** Task to carry out **
The answer is all of the data repeated exactly, with each picture omitted.

** The data **
====
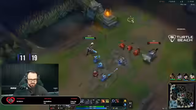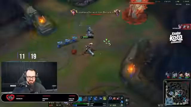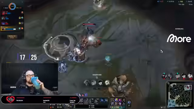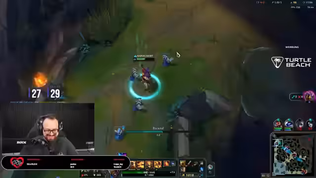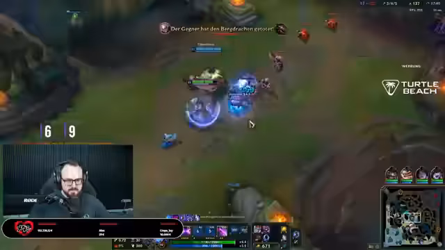04:15:42Das Match startet turbulent, wobei das Team schnell in einen Rückfall gerät und früh das erste Blut an der Top-Lane hinnehmen muss. Trotz anfänglicher Schwierigkeiten kämpft sich das Team zurück, und der Streamer agiert mit Zed sehr erfolgreich. Er feiert mehrere Kills und das gute Gameplay, besonders begleitet von Musik, die er als motivierend beschreibt. Die Gegner-Team, bestehend aus Syndra und Brand, wird als sehr aggressiv und tanky wahrgenommen, was strategische Anpassungen wie das Placen von Pink Wards notwendig macht, um deren Bewegungen zu kontrollieren. Das Spiel bleibt bis zum Ende spannend und ausgeglichen.
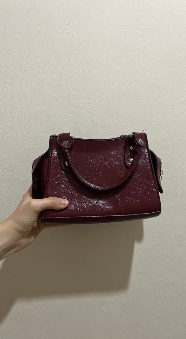 Parlak bordo deriden yapılmış, tokalı vintage tarzda kadın çantası. Desensiz ve minimalist görünüme sahip, günlük kullanım için uygun.
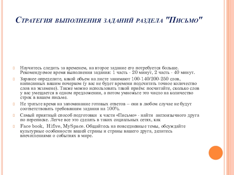 Слайд 8Стратегия выполнения заданий раздела "Письмо"
====
** Answer to this exercise **
04:15:42Das Match startet turbulent, wobei das Team schnell in einen Rückfall gerät und früh das erste Blut an der Top-Lane hinnehmen muss. Trotz anfänglicher Schwierigkeiten kämpft sich das Team zurück, und der Streamer agiert mit Zed sehr erfolgreich. Er feiert mehrere Kills und das gute Gameplay, besonders begleitet von Musik, die er als motivierend beschreibt. Die Gegner-Team, bestehend aus Syndra und Brand, wird als sehr aggressiv und tanky wahrgenommen, was strategische Anpassungen wie das Placen von Pink Wards notwendig macht, um deren Bewegungen zu kontrollieren. Das Spiel bleibt bis zum Ende spannend und ausgeglichen.
 Parlak bordo deriden yapılmış, tokalı vintage tarzda kadın çantası. Desensiz ve minimalist görünüme sahip, günlük kullanım için uygun.
 Слайд 8Стратегия выполнения заданий раздела "Письмо"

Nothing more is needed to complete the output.